En profondeur, "Homunculus" est un récit structuré à l'échelle des 15 tomes se dévorant rapidement, et ne révélant sa saveur qu'à condition d'y réfléchir.
Hidéo Yamamoto a conçu son récit pour qu'il se lise tout seul et rapidement, avec quelques passages chocs pour capter l'attention du lecteur. Ce dernier ne peut capter la densité narrative que s'il prend le temps de s'interroger sur ses réactions aux actes et aux sentiments des personnages. Pourquoi ressentir un tel dégout ou un tel mépris ? En quoi le comportement de ce personnage me dérange ? En quoi il remet en cause mes propres certitudes, mon confort psychologique ? Qu'est-ce qui me fait me sentir supérieur à Musumu Nakoshi ?
Une fois que ces questions trottent dans la tête du lecteur, il se trouve confronté à des interrogations peu confortables. Voilà 10 ans, 20 ans que j'exerce le même métier, suis-je en train de construire quelque chose qui en vaut la peine ? Je ne supporte pas tel collègue ou telle connaissance parce qu'il s'habille mal, parce que sa manière de se gratter le nez me déplaît.
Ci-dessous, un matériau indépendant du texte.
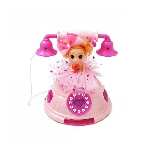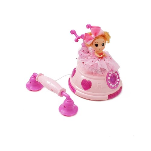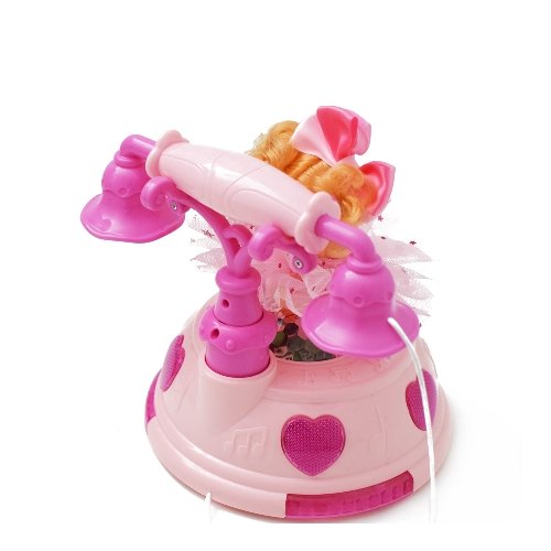 Gyerekszobád dísze lehet ez a ragyogó színekben pompázó telefon a kis hercegnővel. 10 féle zenével, két dallal, zenei hangokkal, fényekkel csal mosolyt az arcodra. Az elemek egyszerűen behelyezhetőek. A hercegnőt a telefon tetejére ültethetjük, a megfelelő billentyűzet lenyomására táncra perdül, forogni kezd. A telefonkagylót felvéve tárcsázhatod barátnőd hívószámát, vagy gyakorolhatod a számolást.
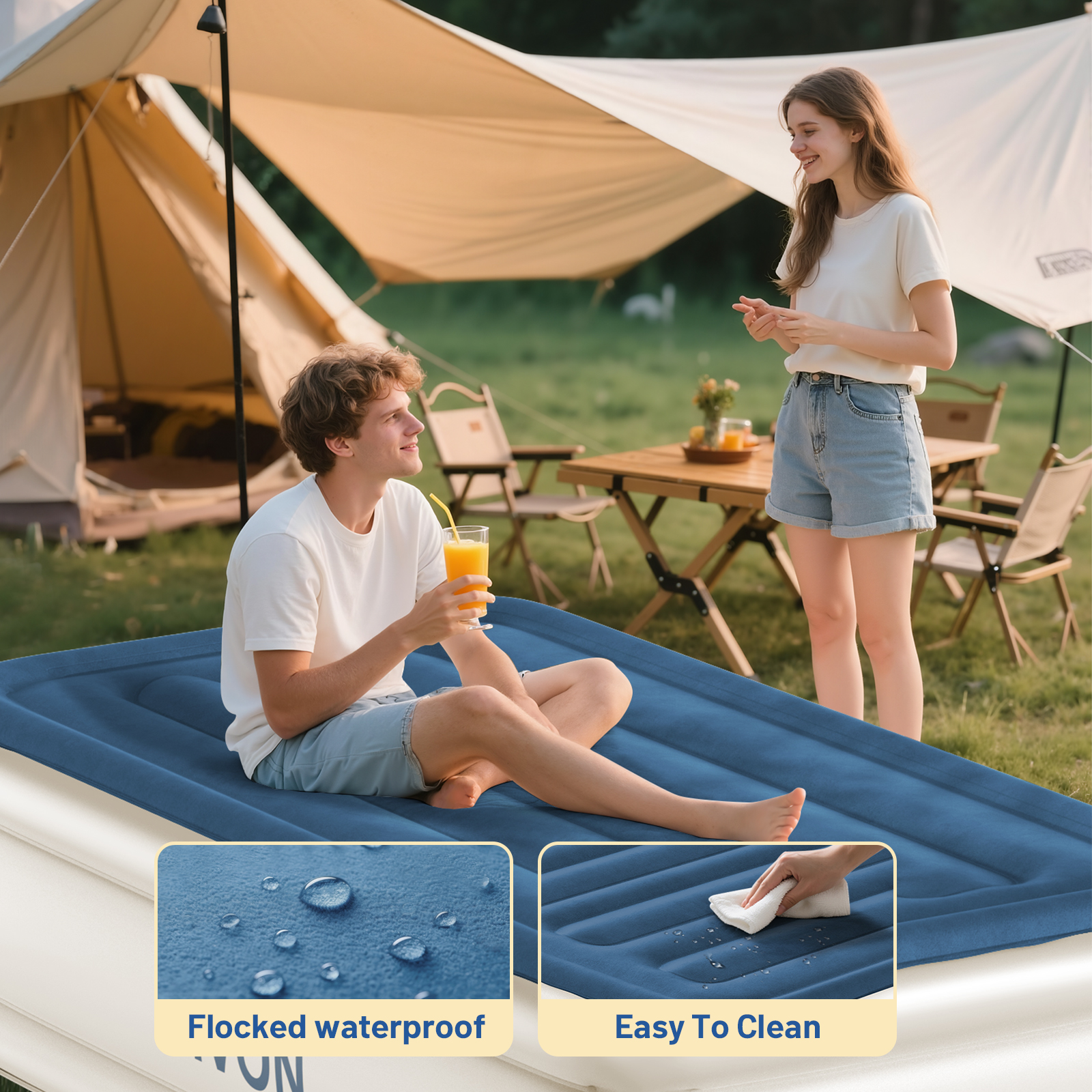 Enhanced Comfort and Elegance: Featuring an elegant wave pattern and soft suede topper, the air mattress provides superior comfort with waterproof features.The indented sides of our inflatable mattress hold fitted sheets perfectly in place, ensuring a smooth and uninterrupted sleep
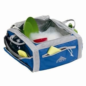 This is a great camp sink. Before we left on our weekend trip we loaded the sink up with our entire Coleman 24-Piece Enamelware Dining Kit ; Cutlery Set, plus a fry pan, and two small pots. The fry pan handle stuck out a little after it was zippered shut, but the sink kept everything together. After meals we'd toss our dirty dishes and cookware into the sink with some water and soap. It made keeping dishes ready for the next meal very easy. We'll also use this to store our camp kitchen gear when it's not in use. Before I used the sink I was thinking it may have been an unnecessary purchase. After using it, I recommend buying this.

Qu'est-ce que ma réaction m'apprend sur moi-même ? Quelle sorte de valeur met-elle à jour ?
Sans aucun doute, ces 2.500 pages ont constitué un voyage exceptionnel et d'une rare honnêteté. Certes il comporte des défauts, et l'utilisation du concept d'homunculus sensitif ne correspond pas à la définition admise par les neurosciences. Ce sont de maigres défauts, mis en regard d'un roman d'une telle ampleur, d'une telle richesse, d'une telle intelligence, bénéficiant d'une science de la narration graphique, allant jusqu'à donner un petit goût de tourisme à certaines séquences, tout en montrant l'universalité de la condition humaine.